In the days leading up to the event, the Orange County Employees Association paid for robocalls and distributed fliers - with the TV station's logo - that billed the event as a town hall on the subsidy issue, which has dominated Anaheim's political scene in recent weeks.

Arnold Kleiner, president and general manager at KABC-TV, is not happy with OCEA's portrayal of the event. "For the first time in seven years the purpose of our meeting has been misrepresented," Kleiner said at the beginning of the forum.

Kleiner places the blame squarely on OCEA General Manager Nick Berardino, who did not attend the meeting, which drew more than 300 people.

"I wish he would have showed up [to the forum]. But I guess it's not important enough to him," Kleiner said.
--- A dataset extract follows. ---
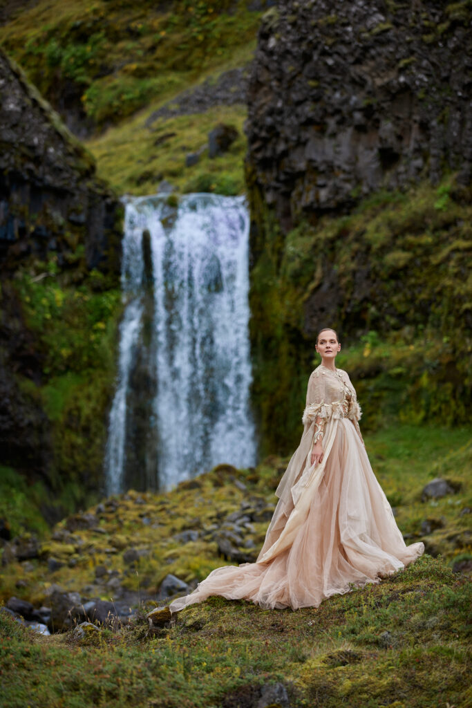 Die dreiteilige beige- goldene Couture-Robe von Eva Poleschinski begeistert mit einem kunstvoll bestickten Body und einem Tüllrock, der keine Wünsche offenlässt – beides veredelt mit einem grandiosen Seiden-Cape mit aparter Goldstickerei und farblich abgestimmtem Federschmuck.

Kleiner said he first brought up the issue with Berardino several days before the forum and that Berardino had indicated he would stop the misleading advertising and send out a corrected communication. But Berardino never did, Kleiner said.

Berardino argues that Kleiner should be grateful that the union mobilized a large crowd to be at the event.

"I'm appreciative that he came out and did the show, and I hope he's appreciative of our hard work to turn out a good crowd for him," Berardino said. "I'm sure deep down in his heart he appreciates it."

Berardino hinted at other motivations, including the possibility that KABC-TV, which is owned by Disney, might not want to have a serious discussion about the hotel subsidy.

"Disney's marketing is that it's the happiest place on earth. They'd like to keep it that way," he said.

As to whether he told Kleiner that the union would back off on its marketing tactics, Berardino said that was a "misunderstanding."